## [THE PROBLEM]
In the material below, find the line containing "FEM2 voekenbord, 400" and the line containing "El próximo viernes". Output those two lines and all lines between them exactly, without pictures.

## [DATASET RECORDS]
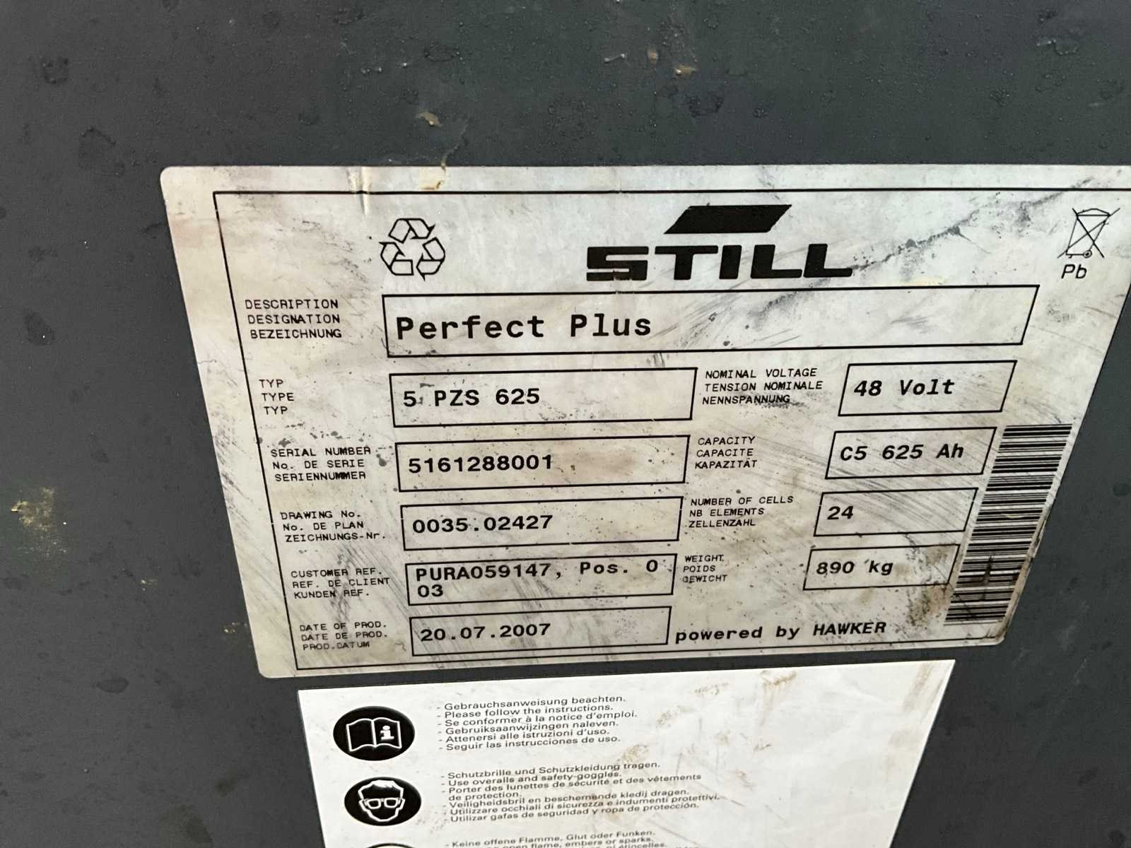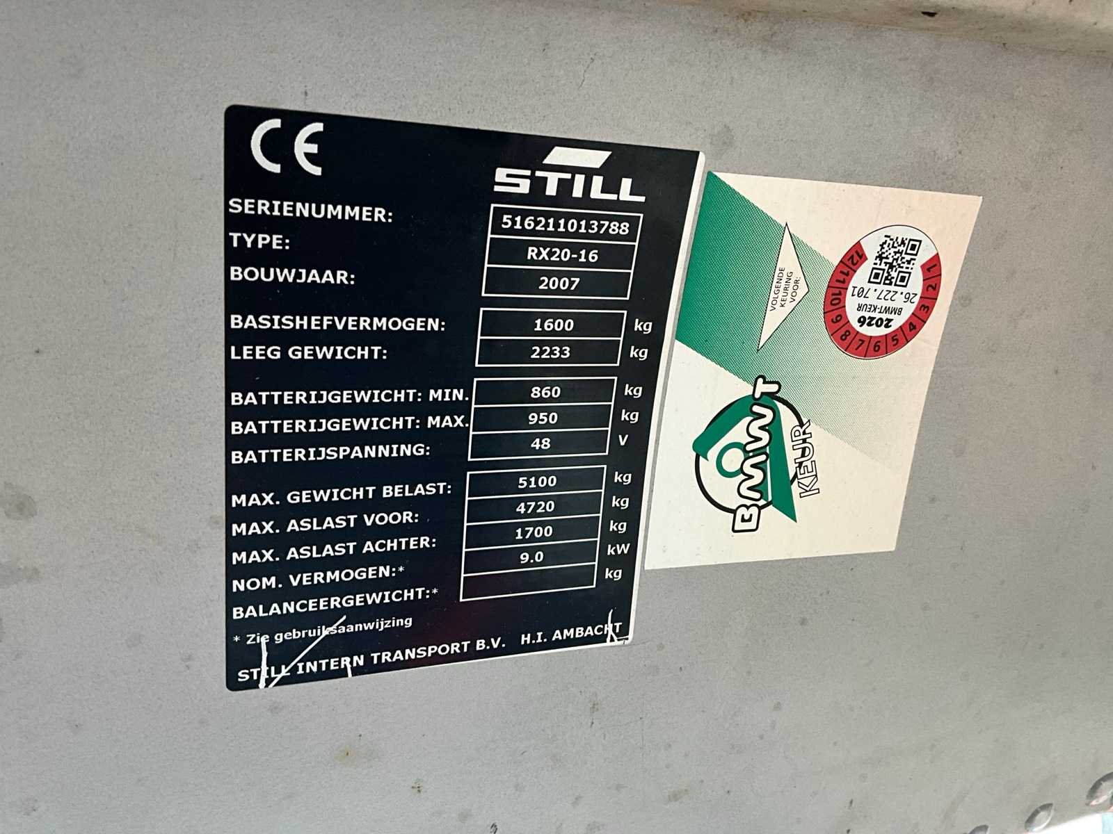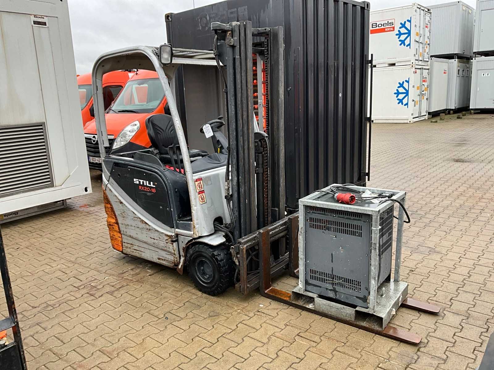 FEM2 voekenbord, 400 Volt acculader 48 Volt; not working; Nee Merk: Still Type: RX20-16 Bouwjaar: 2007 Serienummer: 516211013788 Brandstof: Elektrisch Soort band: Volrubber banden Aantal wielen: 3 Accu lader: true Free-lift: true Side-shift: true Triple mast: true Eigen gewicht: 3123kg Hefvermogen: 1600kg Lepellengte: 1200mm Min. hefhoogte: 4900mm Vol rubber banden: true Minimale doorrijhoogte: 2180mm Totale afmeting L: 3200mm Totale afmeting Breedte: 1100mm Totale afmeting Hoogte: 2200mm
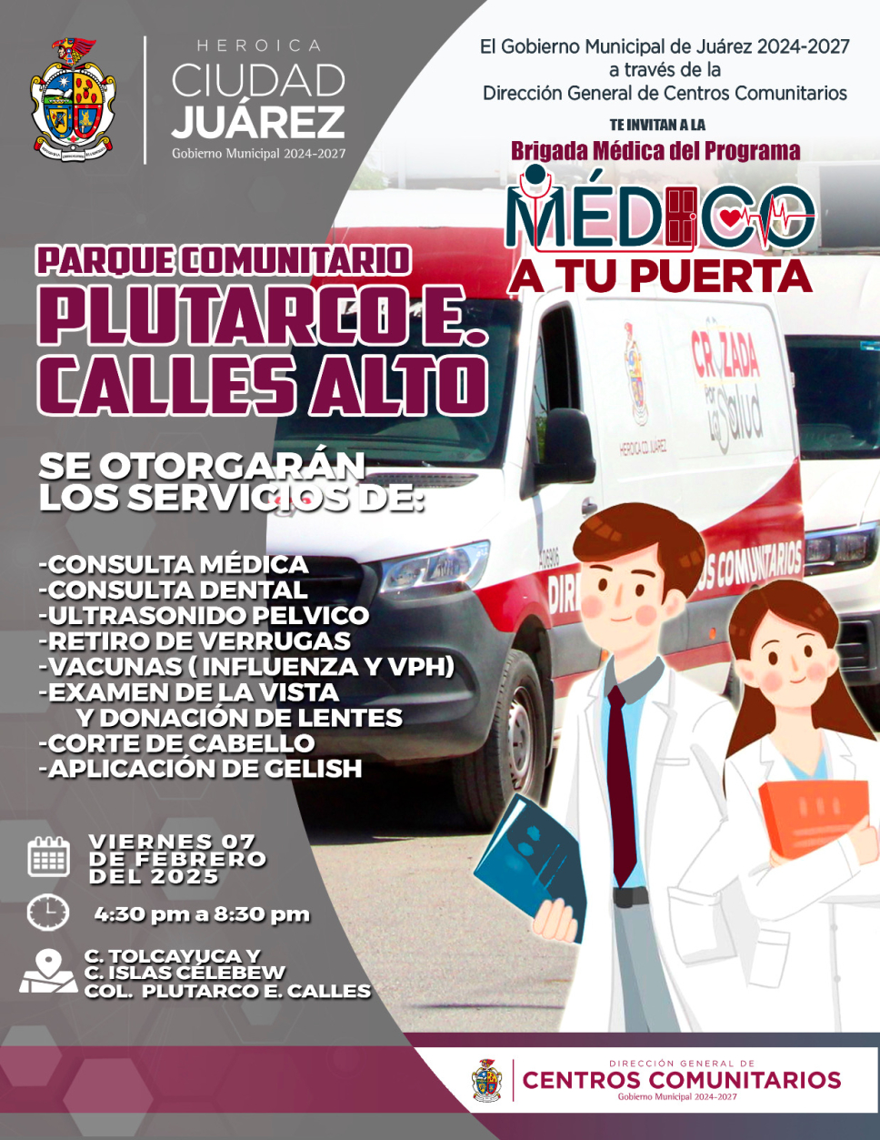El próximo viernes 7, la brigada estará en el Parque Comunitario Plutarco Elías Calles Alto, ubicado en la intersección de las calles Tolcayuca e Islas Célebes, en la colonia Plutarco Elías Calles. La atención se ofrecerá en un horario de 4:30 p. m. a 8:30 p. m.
* * *
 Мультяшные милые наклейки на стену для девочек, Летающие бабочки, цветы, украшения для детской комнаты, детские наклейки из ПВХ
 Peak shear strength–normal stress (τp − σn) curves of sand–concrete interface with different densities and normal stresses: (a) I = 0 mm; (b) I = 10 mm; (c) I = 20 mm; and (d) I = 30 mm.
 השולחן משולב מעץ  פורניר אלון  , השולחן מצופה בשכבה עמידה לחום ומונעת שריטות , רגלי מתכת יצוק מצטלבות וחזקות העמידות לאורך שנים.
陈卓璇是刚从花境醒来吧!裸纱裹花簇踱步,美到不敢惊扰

## [EXPECTED ANSWER]
 FEM2 voekenbord, 400 Volt acculader 48 Volt; not working; Nee Merk: Still Type: RX20-16 Bouwjaar: 2007 Serienummer: 516211013788 Brandstof: Elektrisch Soort band: Volrubber banden Aantal wielen: 3 Accu lader: true Free-lift: true Side-shift: true Triple mast: true Eigen gewicht: 3123kg Hefvermogen: 1600kg Lepellengte: 1200mm Min. hefhoogte: 4900mm Vol rubber banden: true Minimale doorrijhoogte: 2180mm Totale afmeting L: 3200mm Totale afmeting Breedte: 1100mm Totale afmeting Hoogte: 2200mm
El próximo viernes 7, la brigada estará en el Parque Comunitario Plutarco Elías Calles Alto, ubicado en la intersección de las calles Tolcayuca e Islas Célebes, en la colonia Plutarco Elías Calles. La atención se ofrecerá en un horario de 4:30 p. m. a 8:30 p. m.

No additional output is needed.